1. Field of the Invention
The present invention relates to a plasma processing apparatus for applying plasma processing to an article to be processed (hereinafter, simply referred to as “article” as occasion demands) using microwaves, and more particularly to a microwave applicator having a circular (or annular) waveguide, a plasma processing apparatus provided therewith, and a plasma processing method.
2. Related Background Art
As plasma processing apparatuses that use microwaves as an excitation source for plasma excitation, there have been known the plasma polymerizing apparatus, the CVD apparatus, the surface modifying apparatus, the etching apparatus, the ashing apparatus, and the cleaning apparatus and the like.
The CVD using such a so-called microwave plasma processing apparatus is carried out, for example, as follows. A gas is introduced into a plasma generation chamber and/or a film formation chamber of a microwave plasma CVD apparatus, and a microwave energy is simultaneously applied to generate a plasma in the plasma generation chamber to form ions or radicals through excitation, decomposition, ionization, or the like of the gas, thereby forming a deposited film on an article disposed in the plasma generation chamber or the film formation chamber apart from the plasma generation chamber. Further, a similar method can be used to carry out plasma polymerization or surface modification such as oxidation, nitridation or fluorination of an organic substance.
Furthermore, the etching of an article using a so-called microwave plasma etching apparatus is carried out, for example, as follows. An etchant gas is introduced into a processing chamber of the apparatus, and a microwave energy is simultaneously applied to generate a plasma in the processing chamber to thereby form ions, radicals or the like through excitation, decomposition, or ionization of the etchant gas, thereby etching a surface of an article disposed in the processing chamber with the thus formed ions, radicals or the like.

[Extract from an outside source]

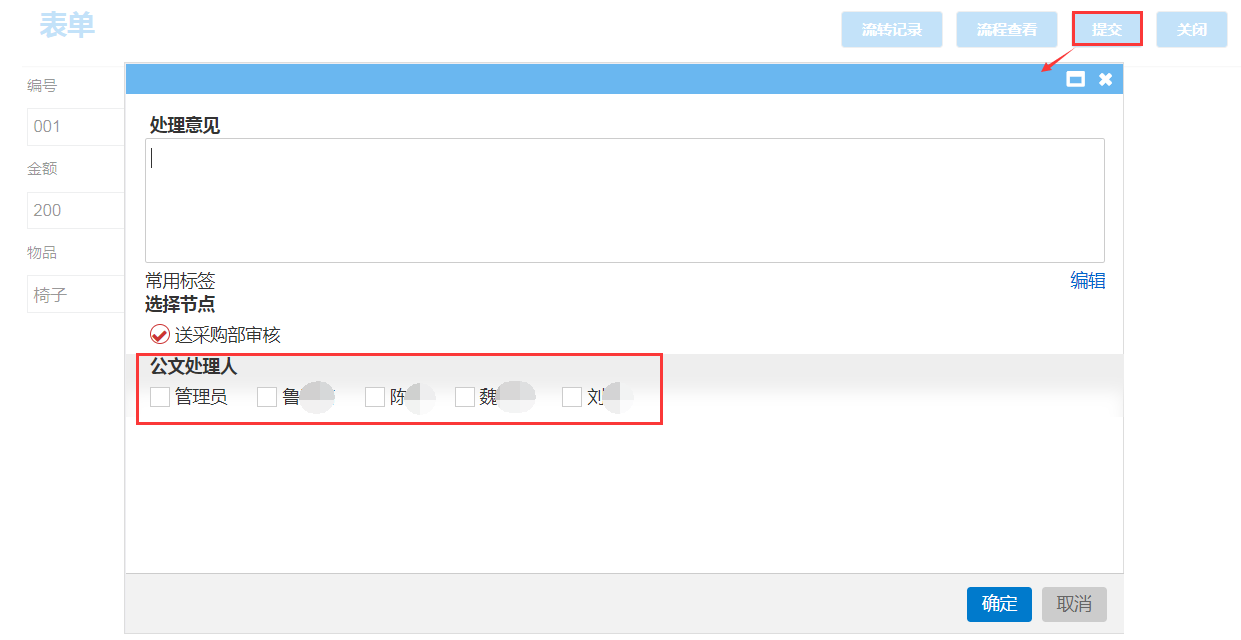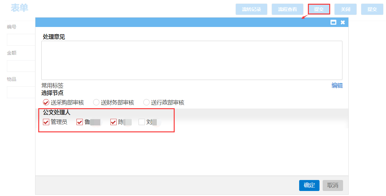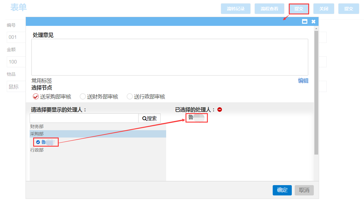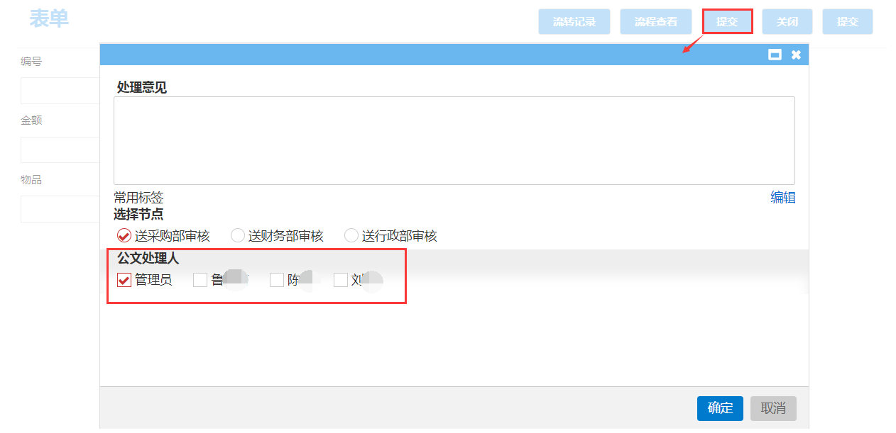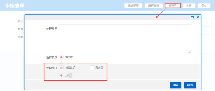 效果如下图:登录应用平台,起草窗体提交财务审核时输入处理意见为“财务部门通过审核!”,在提交总经理审核节点时,点击【提交】,弹出页面【处理意见】自动显示为“财务部门通过审核!”,如下图:

In addition, the ashing of an article using a so-called microwave plasma ashing apparatus is carried out, for example, as follows. An ashing gas is introduced into a processing chamber in the apparatus, and a microwave energy is simultaneously applied to generate a plasma in the processing chamber to thereby form ions, radicals, ozone or the like through excitation, decomposition, or ionization of the ashing gas, thereby ashing a surface of an article, namely a photoresist disposed in the processing chamber. As with the ashing, it is possible to effect cleaning for removing unwanted matter deposited on a to-be-processed surface of an article.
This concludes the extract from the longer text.